C’est
notre histoire à tous : celle de notre rapport passionnel au travail.
L’histoire de ces pulsions qui nous capturent et nous fixent dans le travail,
dans le salariat, dans l’entreprise, et dans le néolibéralisme - alors que,
peut-être : la vraie vie est ailleurs ?
Pendant
ce temps le capitalisme carbure… Il carbure à la crainte (de manquer), au désir
(de consommer), et à ces nouvelles passions : « se réaliser »,
« s’investir », et finalement épouser le désir maître - celui du
patronat. Ainsi le capitalisme a colonisé nos âmes, capturant la quasi-totalité
de nos désirs.
Mais
il reste encore, en chacun, un désir propre, faisant écart aux commandements du
désir maître ; cet écart, cette résistance possible, nous
l’appellerons : l’angle Alpha. Et nous y danserons.
NOTE D’INTENTION
Il s’agit de l’adaptation pour le théâtre
d’un essai de Frédéric Lordon, Capitalisme, désir et servitude. Marx et
Spinoza, paru à La Fabrique en 2010.
« Adaptation », cela veut dire que
j’ai bien sûr entièrement réécrit
l’essai de Frédéric Lordon pour en faire un matériau théâtral ; un
matériau à la fois plus compact (le spectacle dure juste une heure),
et plus aéré, puisque les énoncés philosophiques alternent avec des moments
dialogués, des situations incarnées où les acteurs interrogent les situations
de travail que le texte théorise : situations dramatiques ou comiques,
souvent burlesques – la tragi-comédie de notre rapport aliéné au travail
autorise tous les registres, du plus grave au plus léger… Et la philosophie
n’interdit pas les blagues ; souvent, même, elle les cultive.

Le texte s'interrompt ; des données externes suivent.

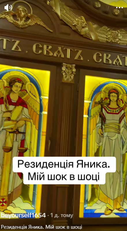 На кадрах видны роскошные интерьеры здания: массивные хрустальные люстры, резные деревянные стены и украшенные иконами залы, напоминающие церковные помещения.

Cette forme ludique, organisée autour de
notre fameuse échelle rouge qui sert de métaphore à tout jouer, permet de
traduire efficacement l’essentiel des concepts philosophiques propres à saisir notre
rapport au travail : le «conatus» (concept emprunté à Spinoza pour évoquer ce
qui nous mobilise), et «l’angle Alpha» – concept élaboré par Frédéric
Lordon pour théoriser l’écart possible, la résistance que chacun peut opposer à
l’enrôlement par le désir maître néo-libéral. Porter ce texte à la scène est
pour moi une manière d’offrir en partage ces concepts, afin que chacun, pris
dans l’expérience passionnelle de ce qui le mobilise au travail, puisse
s’emparer de sa puissance émancipatrice.